That’s the line that stuck out to me. Communication is key to any successful relationship, but when you throw kids in the equation, communication becomes even more vital. A lack of communication breeds misunderstandings, resentment and lots of hurt feelings. Nobody wants that.
We are a military family, and so my husband is frequently gone for weeks or months at a time. We do our best to keep him as involved in the kids’ lives as possible, but the fact is, whenever he gets home from a deployment/training, things have changed. Anything from the kids’ favorite shows to how we (I) discipline is subject to change while he’s away. So when he comes home and does things how we were doing them when he left, I get frustrated because he’s “messing it up.” We’ve learned that we have to talk about evvvvvverything when he gets home, just so we can be on the same page with the kids.
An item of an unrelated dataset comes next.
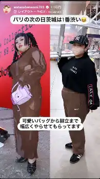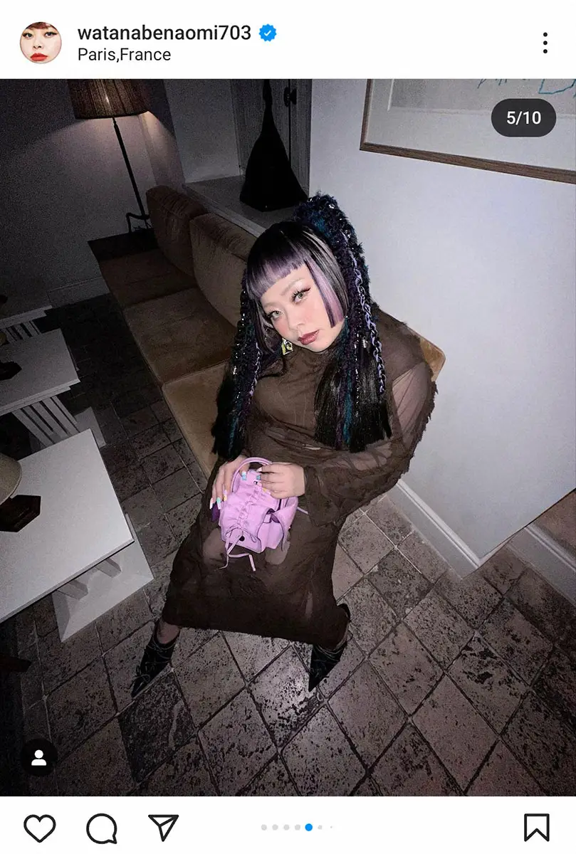 パリではバッチリ決めたメークとヘアスタイルでワンピースドレスを着たショットが話題に。渡辺はこの日「パリの次の日茨城は1番渋い」とつづり、ピンクのミニバッグを持ったパリバ―ションの姿と脚立を担いだ姿を投稿し「可愛いバッグから脚立まで幅広くやらせてもらってます」と

Honestly, we probably wouldn’t be having these conversations if he were home all the time. We would probably just be going around, getting frustrated with each other’s parenting approaches, but never really doing anything to address it. our particular situation has taught me a lot about how much i need to have his particular style of parenting to balance mine. I can see it in the kids when he’s gone; they need his approach too. Sometimes he is able to get through to a kid when i can’t. Sometimes he thinks of things that would never have crossed my mind, but that prove to be real game changers.
You are absolutely not alone in being frustrated with a spouse’s different parenting approaches. I don’t know any parent who doesn’t face this in some form or fashion. and it’s fine to disagree! I think it’s healthy to have things you disagree on; i can’t imagine always agreeing with someone on every last thing. The important thing is to talk about it. Identify what works or doesn’t work with each of your approaches, and find a way to mesh them together. But if you never talk about it, you’ll always be frustrated with each other.
- Know that there is no one best way to parent.
- Realize that different parenting styles can be a blessing to your kids!
- Work together for common goals and values
- Communicate lovingly about what is working and what is not.
Thanks panel for another awesome discussion!